*** Opening of Information supplied ***

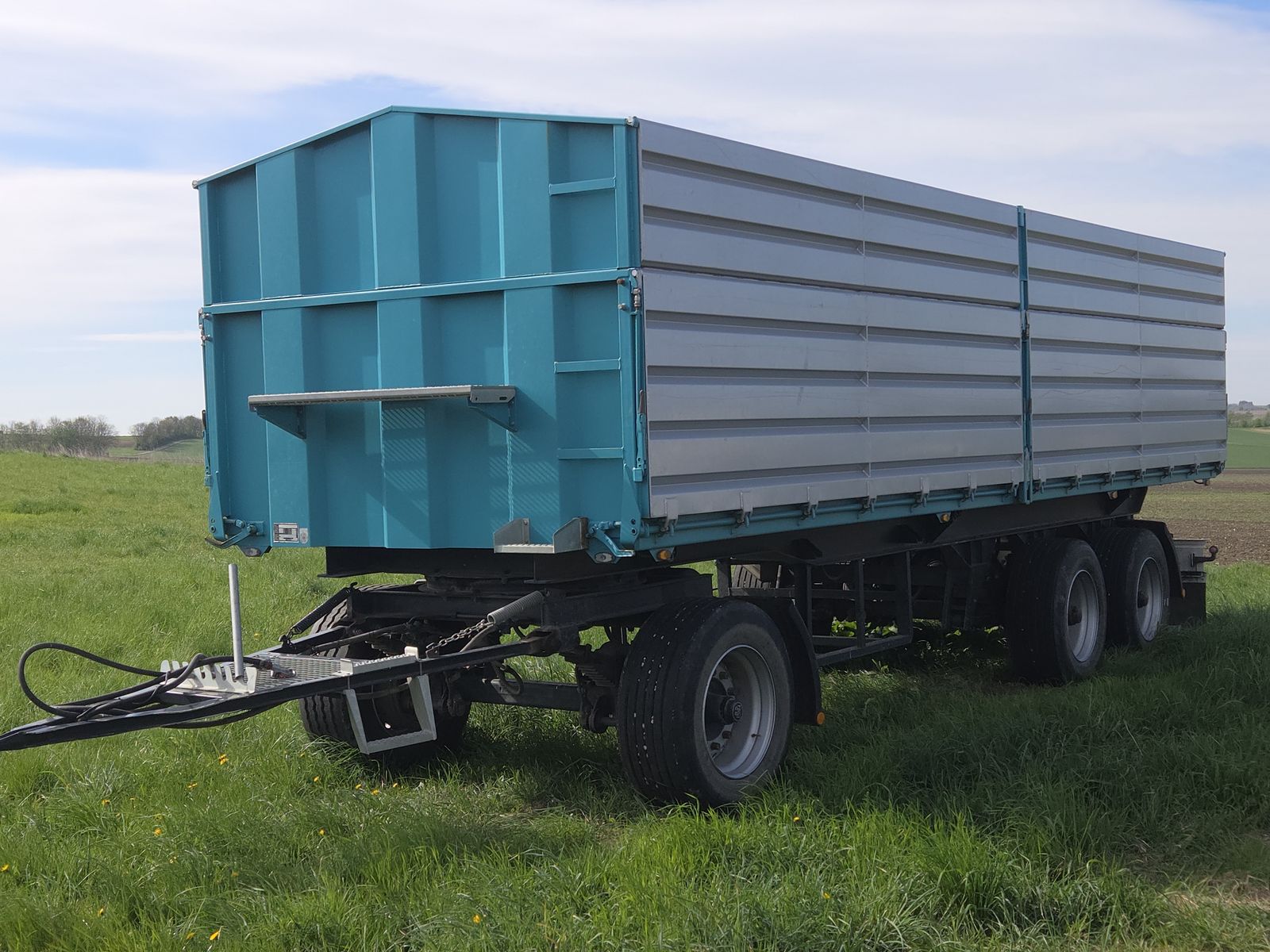 Verkaufe Lkw-Anhänger, Ballenwagen, umgebauter WAP-Anhänger, Marke Sommer-D, verzinkt, kein Rost, Brücke neu, Luftfederung und DL-Bremse, neuwertige Reifen, Scheibe
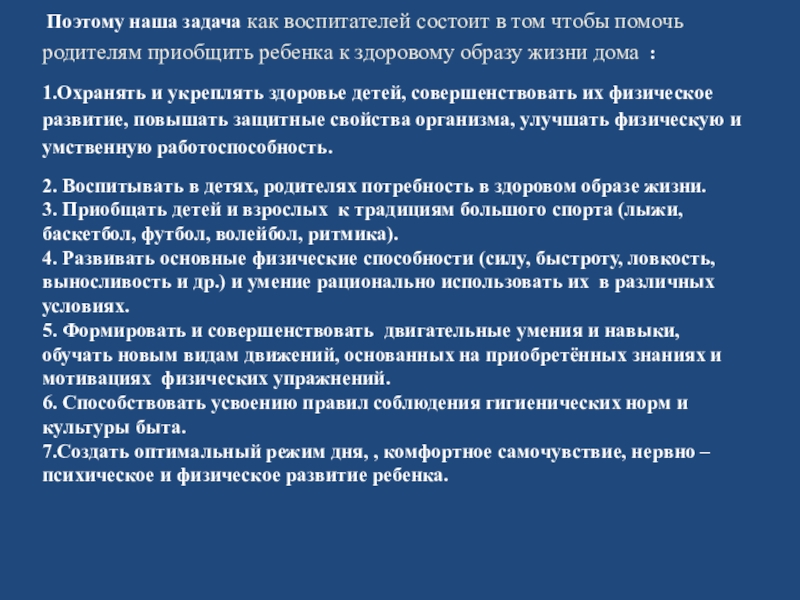 1.Охранять и укреплять здоровье детей, совершенствовать их физическое развитие, повышать защитные свойства организма, улучшать физическую и умственную работоспособность.
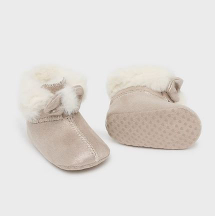 Mayoral Newborn babacipő. Velúr és a textil anyag kombinációjából

*** Close of Information supplied ***

• **Aim of the exercise**
In the answer, the data should reappear exactly, with no pictures.

• **Your solution**
 Verkaufe Lkw-Anhänger, Ballenwagen, umgebauter WAP-Anhänger, Marke Sommer-D, verzinkt, kein Rost, Brücke neu, Luftfederung und DL-Bremse, neuwertige Reifen, Scheibe
 1.Охранять и укреплять здоровье детей, совершенствовать их физическое развитие, повышать защитные свойства организма, улучшать физическую и умственную работоспособность.
 Mayoral Newborn babacipő. Velúr és a textil anyag kombinációjából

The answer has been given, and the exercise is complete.